Говорю же: промашка вышла. Я впопыхах не ту папку взял. Забавно, правда? — Лучистые глазки Лукашки бегали, он торопился покончить со скользкой темой. «Аполлоны», непереплетенные, в распаде, лежали в зеленой папке… в точно такой вот, — он нырнул под стол к своему портфельчику, вынырнул с папкой зеленого цвета в голубых накрапах. — Видишь, я привез, мне чужого не надо.

— А что в этой папке?

— Видимо, какая-то научная работа. Да я и не читал, почерк скверный.

— Здесь наверняка черновики докторской Максима Максимовича, — заговорила Загорайская. Я лично дала ему эти папки для работы. Три штуки.

— Точно! — заверил Лукашка. — Черновики: зачеркнуто, перечеркнуто. На последней странице подпись: Максим Мещерский.

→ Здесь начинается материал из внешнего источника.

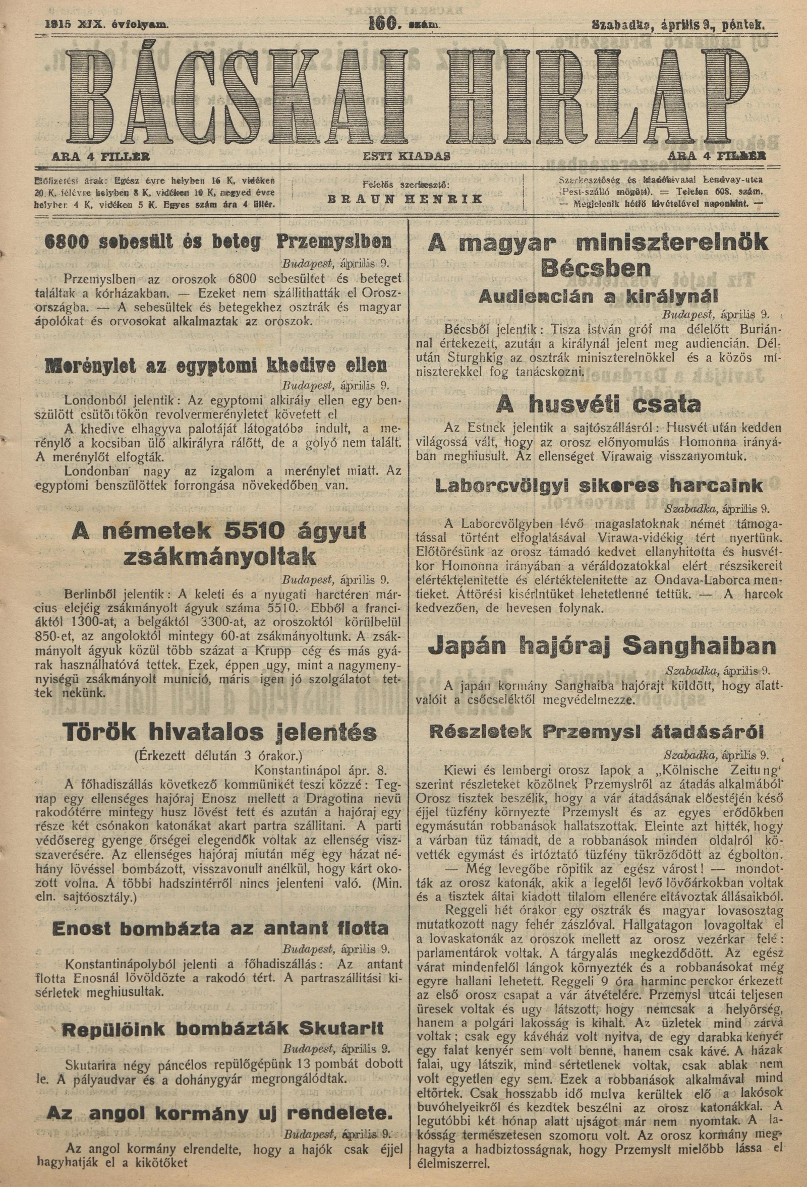 Bácskai Hirlap, 19. évf. 1915. április 9. 160. sz.
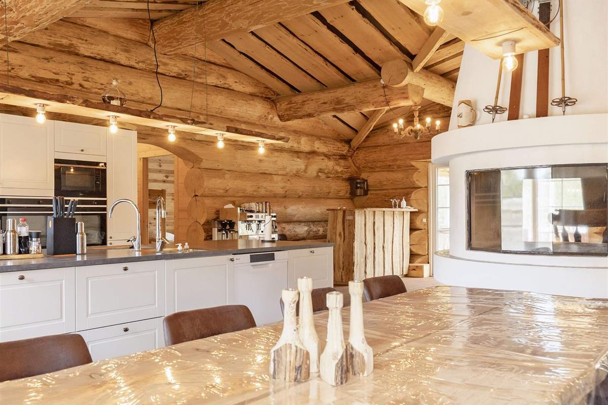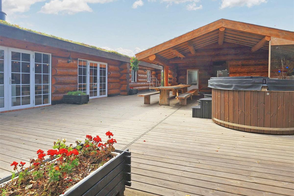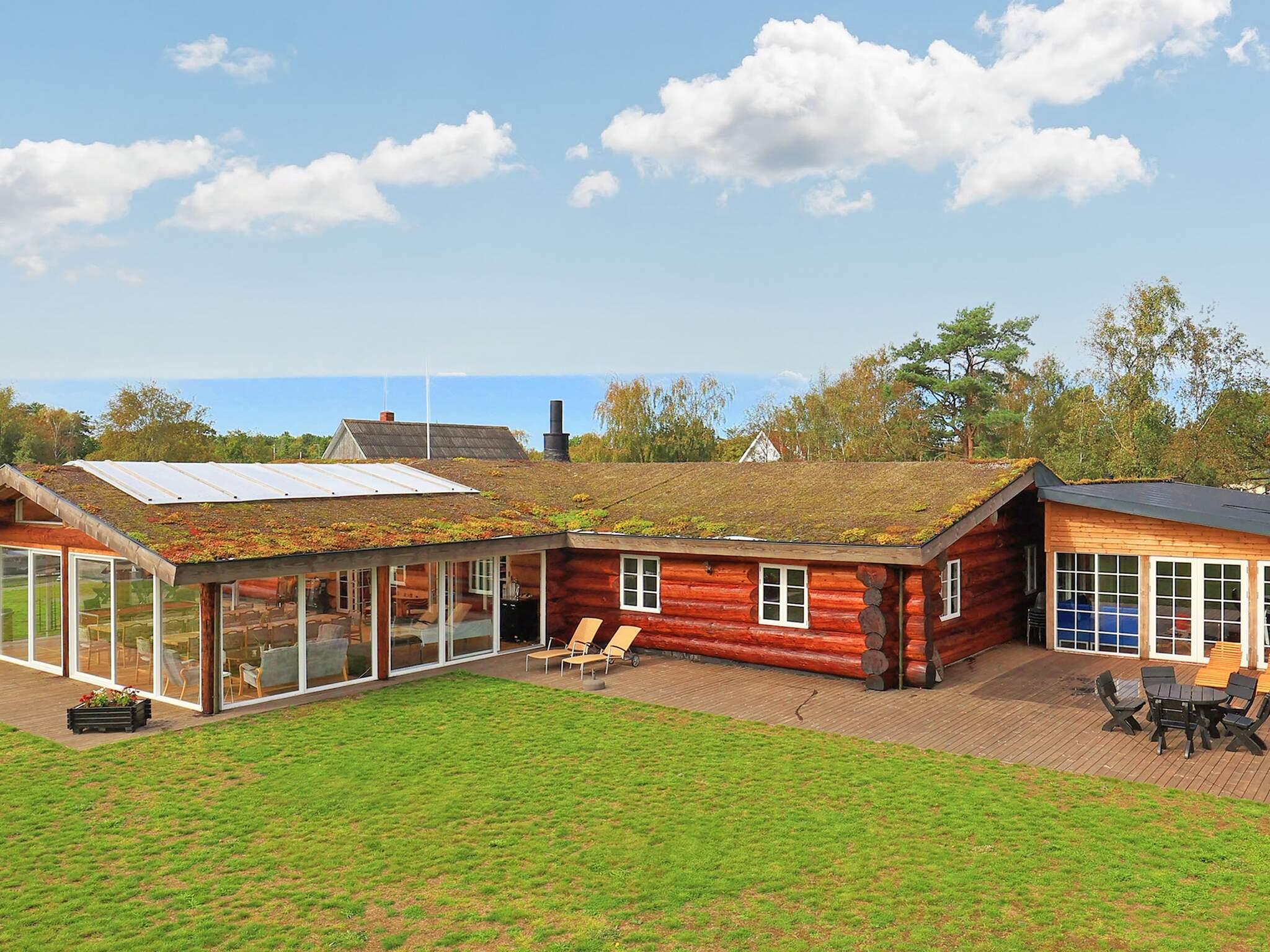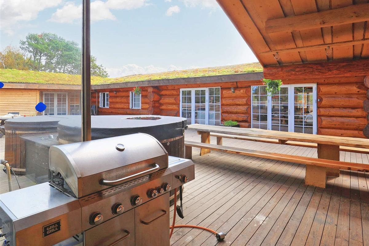 Dieses Ferienhaus ist mit seinen großen Balken, dem einzigartigen Baustil und viel Platz und Komfort etwas Besonderes. Mit großem Respekt für das Baumaterial, das fast ausschließlich aus riesigen Baumstämmen besteht, wurde Wert auf einzigartige und besondere Lösungen gelegt. Die großen Baumstämme, jeder für sich einzigartig und mit eigenem Charakter, sorgen nicht nur für eine fantastische Akustik und ein einzigartiges Raumklima, sondern bilden auch die Grundlage für die wunderbare Atmosphäre, die schnell zum Entspannen einlädt und perfekt zur DNA von Læsø passt.

Дай-ка сюда, — Дарья Федоровна открыла папку: рукописный хаос, в котором мог ориентироваться только Макс; обычно из такого хаоса, сбрасывая леса, вырастало стройное здание доказательств и выводов. Она рассеянно заглянула куда-то в середину рукописи — вдруг буквы поплыли у нее перед глазами и давешний страх (он сутки не отпускал ее, он год не отпускал ее) вспыхнул с новой силой. Она вздрогнула, закрыла папку и услышала пронзительный голос Загорайской:

— Дарья Федоровна, в память о Максиме Максимовиче необходимо издать монографию. Ведь труд почти закончен, я в курсе. Оригинальная концепция, великолепный подбор материалов, успех обеспечен. Особенно сейчас, когда пересматриваются и уточняются магистральные экономические установки. Правда, Витюша? Давайте черновики, мы поможем, разберемся. Его смерть…

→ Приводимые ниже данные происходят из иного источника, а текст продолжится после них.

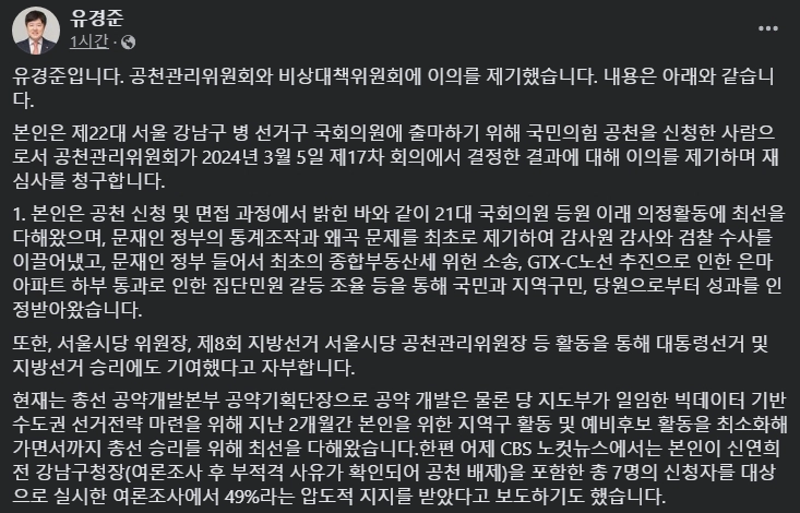 이에 대해 유 의원은 공천관리위원회와 비상대책위원회에 재심사를 청구했다고 6일 자신의 페이스북을 통해 밝혔습니다.
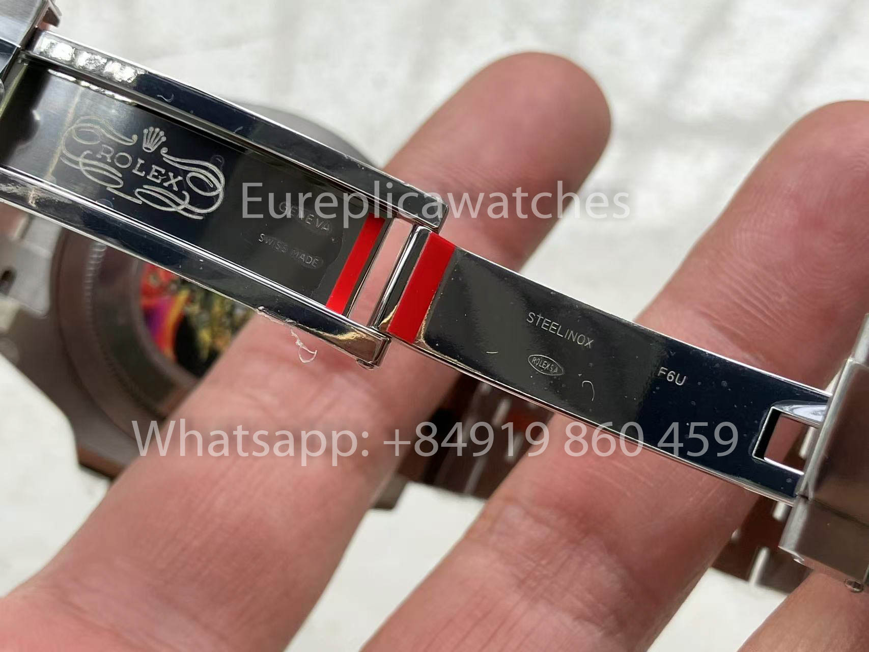 Achtung: Linkshänder-Version, mit Krone auf der linken Seite der Uhr, und der Träger trägt sie an der rechten Hand

— Я во всем разберусь сама, — стремясь побороть страх, Дарья Федоровна оглядела обращенные к ней тревожные лица. Почему они так смотрят на меня? Они думают, что я сошла с ума. Но я запомнила страницу. 287-я. Среди хаоса нервных строчек четко выписаны и подчеркнуты черной чертой четыре слова: ГОСТИ СЪЕЗЖАЛИСЬ НА ДАЧУ. Я ничего не скажу им. Это опасно. — Я во всем разберусь сама, — повторила Дарья Федоровна, поднялась, прижимая папку к груди, подошла к двери, взялась за ручку. Членкор сказал:

— Не покидайте нас надолго, Дашенька.

— Я сейчас вернусь.

— Может, ты мне отдашь «Аполлончиков», ну, ту, другую папку, а, Дарья?

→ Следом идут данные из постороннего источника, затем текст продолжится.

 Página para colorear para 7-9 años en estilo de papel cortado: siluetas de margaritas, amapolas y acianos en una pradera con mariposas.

Все может быть, — отозвалась она неопределенно, отворила дверь, миновала темную прихожую и шагнула через порог. Все на месте. Тикают часы с пастушком и с пастушкой. Металлическая коробочка посередине стола, лист бумаги в машинке. «Иначе — берегись!» Вновь представилась та женщина, разложившийся труп — что от него осталось через год?.. Господи, ну время ли тревожить давно исчезнувшие тени! Сегодня, сейчас, опасность, угроза, смерть… Окно! Она оставила открытое окно — точь-в-точь как год назад. Флягин подал идею: он перегнулся через подоконник, чтобы взглянуть на часы. Но ведь достаточно протянуть руку к столу, открыть коробочку… Сегодня кто-нибудь выходил в сад? А тогда? Не помню… я ничего не помню! Следователь выяснял, кто бывал в доме, а ведь подобраться к яду можно и другим путем, но я не помню. В глазах пляшут стремительные нервные буквы, и есть какая-то странность, что-то не то в этом тексте… Ладно, это потом. Гости съезжались на дачу — пушкинский пароль, таинственный отрывок… Ладно, потом, я разберусь, я тоже кое-что понимаю в экономических проблемах Общего рынка, куда затесались эти самые съехавшиеся на дачу гости. Кто-то поставил на стол коробочку с ядом, напечатал загадочную записку, затеял загадочную игру. Никакой мистики! Она разберется, если… Дарья Федоровна усмехнулась… если кто-то не успел еще спуститься в сад, подойти к окну, перегнуться через подоконник и протянуть руку… Она положила папку в верхний ящик стола, заперла окно и вышла на веранду.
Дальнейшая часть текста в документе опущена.